# Where can I find this rhinestone font?



## abarber (Nov 29, 2008)

Any help would be greatly appreciated


----------



## justkrissy (Aug 9, 2013)

I like dafont.com to find the fonts that I need. 

Hope this helps,
Krissy


----------



## charles95405 (Feb 1, 2007)

I really doubt you will find this font in rhinestones...most likely you will need to find someone to make a rhinestone image or font as a custom design...


----------



## My Shirt Connect (Jan 24, 2010)

abarber said:


> Any help would be greatly appreciated



Do you want it to be a typeable TTF font? or the whole font as separate letters that are ready to make templates with?


----------



## abarber (Nov 29, 2008)

The design actually says Crandall Pirates. A client bought it 8 years ago(not from me) and is now wanting to order several just like it for the ladies in her office. I would take it anyway I can get it


----------



## nycmerch (Mar 29, 2009)

Greetings,

Let me know if you need help designing this for you. 

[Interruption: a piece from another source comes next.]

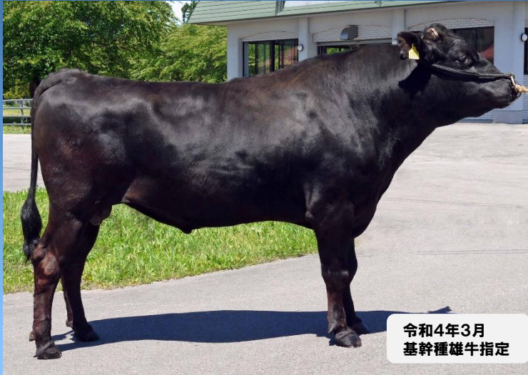
令和4年3月 基幹種雄牛指定

Here is a look at some Pirates Rhinestones I did for one of the schools I do printing for:
Girls / Ladies Spirit Wear Rhinestone Bling

Here is one with custom lettering: 

Peace, Love & Pirates Rhinestone T-Shirt

If you need help getting this design done reasonably... let me know.

Tim


----------



## irish (Dec 13, 2008)

Synergy17 and The Rhinestone World both sell rhinestone fonts. I don't have the time to look through their fonts, but just go to their sites and maybe you will find one fairly close.


----------



## ShaggyDog (May 28, 2012)

Chek out rhinestone alphabets as well. She has some really nice TTF fonts.


----------



## Freedom76 (Oct 28, 2010)

I am interested in rhinestone design and purchase.


----------



## BML Builder (Jul 8, 2008)

Are you looking for software, supplies or what? You might check out these threads, they should be really helpful for finding a lot of very useful information.
http://www.t-shirtforums.com/rhinestone-decoration/t95228.html
http://www.t-shirtforums.com/rhinestone-decoration/t172168.html
Hope this helps!


----------